Ao longe, ouvia-se já o repicar o sino da Igreja que, de hora a hora, indicava a toda a aldeia o tempo que lentamente passava.
Na casinha, vivia uma família constituída por sete pessoas: os pais, quatro lindas filhas e a avó, a matriarca, de nome Francisca, senhora de meia idade, que perdera a visão havia anos duma forma estranha, sem qualquer motivo aparente.
Naqueles invernos frios e chuvosos, as crianças ficavam em casa, impedidas de poderem brincar no quintal. Fazia frio e os progenitores tinham receio que viessem adoecer. Se isso acontecesse, seria um problema, os tempos eram difíceis e as dificuldades eram imensas.
Maria, então com cinco anos, olhava a destreza da avó, a sair do quarto e dirigir-se ligeiramente para a cozinha, como se fosse ainda jovem e cheia de genica.

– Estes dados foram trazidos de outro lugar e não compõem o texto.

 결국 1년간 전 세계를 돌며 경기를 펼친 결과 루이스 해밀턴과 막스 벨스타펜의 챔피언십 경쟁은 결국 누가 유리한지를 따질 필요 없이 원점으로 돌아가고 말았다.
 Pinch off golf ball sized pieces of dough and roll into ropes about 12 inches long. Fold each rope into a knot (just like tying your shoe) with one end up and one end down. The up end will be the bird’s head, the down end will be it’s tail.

Ali, numa rotina diária, perto do meio dia, ia para junto da lareira e ali se sentava num tosco banquinho de madeira, para se aquecer e preparar a sua parca merenda de todos os dias. Levava a mão ao bolso da sua escura saia rodada, tirava um punhado de batatas, novas e pequenas, e colocava-as sobre as brasas.

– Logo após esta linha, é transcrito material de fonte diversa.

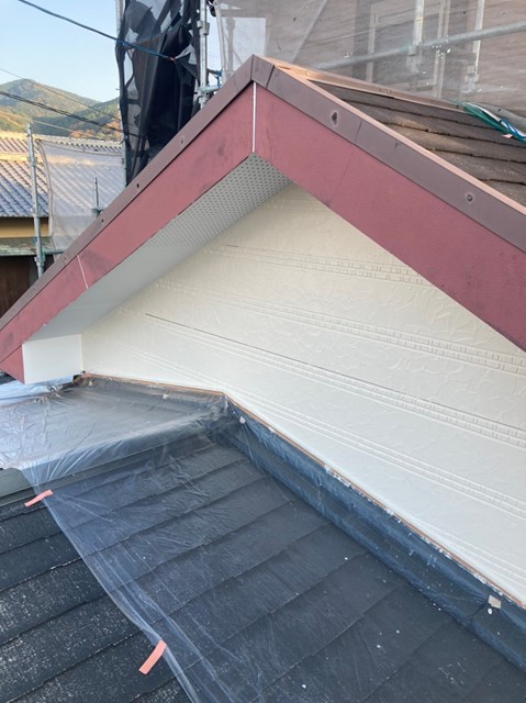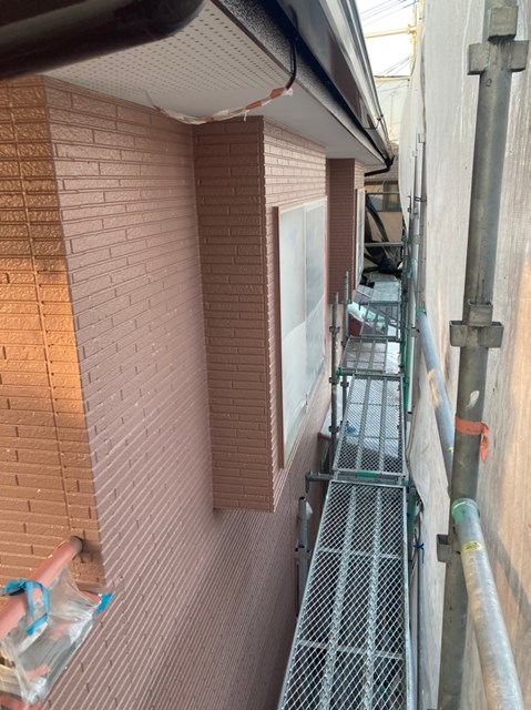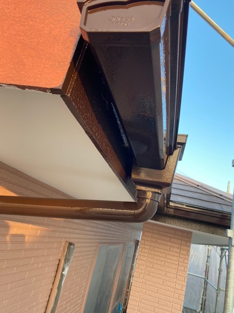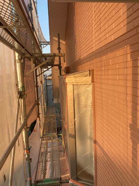 明日の作業予定は付帯塗装、オレンジ色のサイディングの隙間補修・上塗り、屋根の下塗りなどを行う予定です。

- Abençoadas – pensava – são elas que vão dando algum alento à nossa vida.
Ali, junto do braseiro, ouvia o crepitar das brasas que ia atiçando com o abanador de palha já negro pelo calor, para que elas se mantivessem vivas. As batatas, em contacto com o calor, bem depressa se mostravam assadas, apetitosas, convidando a que ainda quentinhas fossem saboreadas. Então, retirava-os para o lado, dava-lhes um pequeno murro, e ei- -las, prontas a serem ingeridas. Descascava-as mesmo ali e ia-as comendo uma a uma.

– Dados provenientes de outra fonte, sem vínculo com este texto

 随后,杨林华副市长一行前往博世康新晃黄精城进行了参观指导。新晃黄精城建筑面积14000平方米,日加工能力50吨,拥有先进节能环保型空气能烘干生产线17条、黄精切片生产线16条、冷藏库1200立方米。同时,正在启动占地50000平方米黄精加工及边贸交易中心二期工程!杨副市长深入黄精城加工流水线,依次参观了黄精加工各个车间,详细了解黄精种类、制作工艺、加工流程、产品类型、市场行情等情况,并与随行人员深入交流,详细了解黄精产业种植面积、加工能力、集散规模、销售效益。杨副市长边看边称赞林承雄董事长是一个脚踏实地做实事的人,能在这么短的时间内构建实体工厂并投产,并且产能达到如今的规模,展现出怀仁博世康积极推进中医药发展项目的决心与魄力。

Que belo pitéu! Maria era a sua companheira neste ritual, com quem partilhava aquilo que para si era uma saborosa iguaria.
A mente da menina não parava de se questionar. Como podia a avó, que era cega, fazer tudo aquilo tão descontraidamente? Saber onde encontrar as batatas, acender a lareira, assá-las, retirá-las do fogo… e como as descascava com destreza, até as olhava com cuidado, como se tivesse uma visão normal. Um dia, ganhou coragem e perguntou-lhe: - Como consegues fazer tudo isto, avó? - É a necessidade, Maria, a necessidade permite-nos ir onde às vezes não parece ser possível.
Cada amanhecer, Francisca cumpria esse ritual. Saía do minúsculo quarto em terra batida e atravessava a casa. Uma vez ou outra tateava com as mãos a velha parede caiada, com a cor já negra pelo tempo. Naquele dia, Maria, logo que a viu sair do quarto, correu em sua direção e perguntou:
- Queres ajuda, avó? Vem, eu levo-te à cozinha – disse, estendendo a mão.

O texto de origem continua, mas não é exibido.